A major amendment concerning employment contracts made to the provisions of the Labour Code is scheduled to come into effect on 22 February 2016. The key modification is to restrict the number of employment contract types to three (instead of four as it is now). Namely, the new wording of Art. 25 of the Labour Code introduced under the amendment act provides for the following types of contracts: an employment contract for an indefinite term, a contract for a definite term, and a trial period contract. As we can see, the legislators have eliminated a temporary employment contract for the duration of a specific job (umowa na czas wykonywania określonej pracy).

Furthermore, the amendment act defines in greater detail the rules for concluding trial period employment contracts. Art. 25 § 2 of the Labour Code in its wording to come into effect on 22 February 2016 expressly stipulates that contracts of this type are entered into for the purpose of testing an employee’s qualifications and ascertaining their possible engagement to perform a specific type of work. In principle, such contracts may be concluded only once.
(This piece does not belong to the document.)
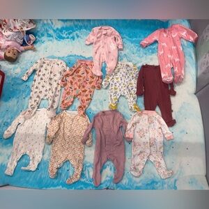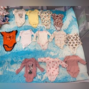 Gently used 0-3 month baby clothes. 1 or 2 pieces lightly stained but might just need another wash. No holes or rips. Pet free smoke free home. Carter’s, Disney, target.
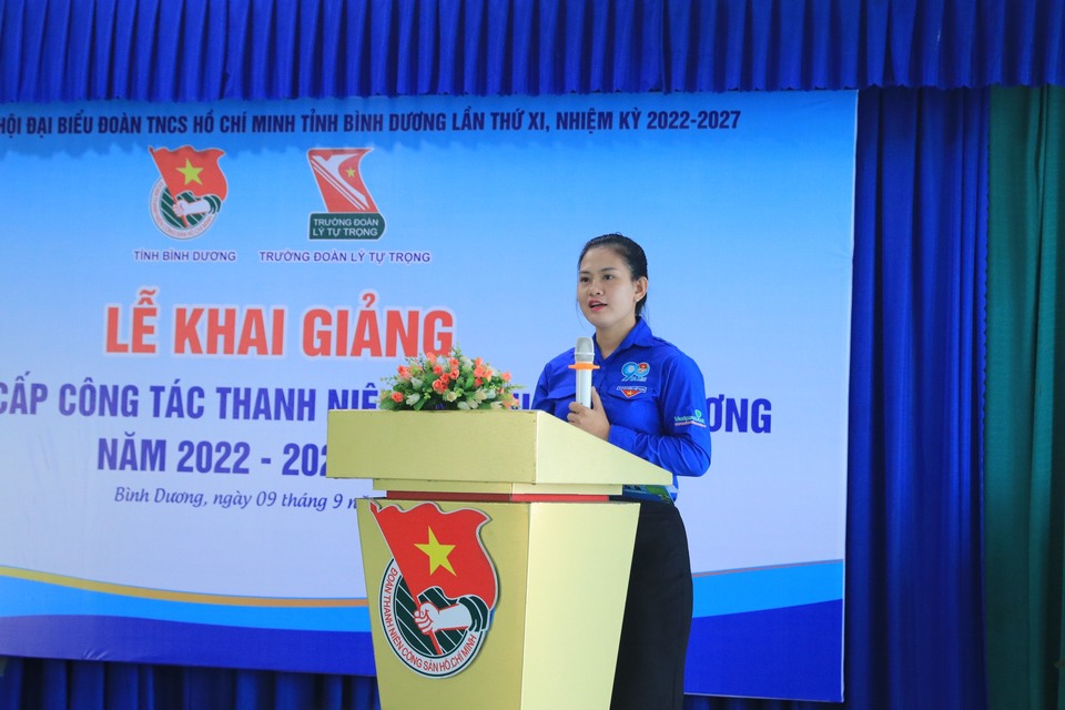 Tại Lễ khai giảng, đồng chí Trần Thị Diễm Trinh - Bí thư Tỉnh Đoàn cho rằng, trong thời gian qua, tổ chức Đoàn - Hội tỉnh Bình Dương đã có những bước phát triển vượt bậc trong công tác, được các cấp bộ Đoàn đánh giá cao và đạt được nhiều thành tích đáng trân trọng. Để có được những thành tích nổi bật như vậy là do công sức, sự đoàn kết, đồng lòng cố gắng chung của đội ngũ cán bộ Đoàn - Hội toàn tỉnh. Để tiếp nối truyền thống và giữ vững thành tích đã đạt được đòi hỏi phải có đội ngũ kế cận có trình độ, kiến thức và đạo đức cách mạng trong sáng. BTV Tỉnh Đoàn luôn đặt vị trí công tác cán bộ lên hàng đầu của mọi công việc. Do đó, đồng chí đề nghị các học viên phải phát huy tinh thần xung kích, tình nguyện của tuổi trẻ, cố gắng học tập tốt để góp sức lực của mình vào sự phát triển của tổ chức Đoàn nói riêng và cả hệ thống chính trị nói chung.

However, if an employee were to be hired again to perform another type of work, such new engagement could also be preceded by the conclusion of another employment contract for a trial period. Following the trial period, which must not exceed three months, a definite term contract or a contract for an indefinite term may be entered into. The option of concluding a trial period contract is also available if there has been a three-year interruption in employment with the employer in question.

Major changes will also be made to the provisions regulating the conclusion of definite term contracts. The maximum duration of employment contracts for a definite term is to be 33 months. Likewise, the combined time of employment under several definite term contracts must be no longer than 33 months, with the number of consecutive contracts being limited to three. In the event that at least one of these limits is exceeded, the employment contract for a definite term is automatically transformed into an indefinite term contract. If during the term of an employment contract for a definite term it is agreed to extend the time of performing work, this will be tantamount to the conclusion of a new (consecutive) definite term contract.

The above-described limits restricting employment under definite term contracts will not apply to any contract entered into: (1) with the purpose of providing replacement for employees during justified absence from work, (2) for performing work of a temporary or seasonal nature, (3) for performing work during a term of office, (4) for objective reasons on the employer’s side that have been indicated by the latter. However, these exceptions will only be allowed if the conclusion of a contract in a specific case meets real needs of a temporary nature and to the extent necessary in the light of all the circumstances of making such a contract. In such cases, the employment contract must include the reasons providing objective justification for its conclusion. Furthermore, when a definite term employment contract indicating objective reasons for it on the employer’s side is entered into (point (4) above), the employer will be required to notify it to the competent Regional Labour Officer. Failure to comply with this obligation will be deemed an offence against employee rights and be penalised with a fine of PLN 1000 up to PLN 30000.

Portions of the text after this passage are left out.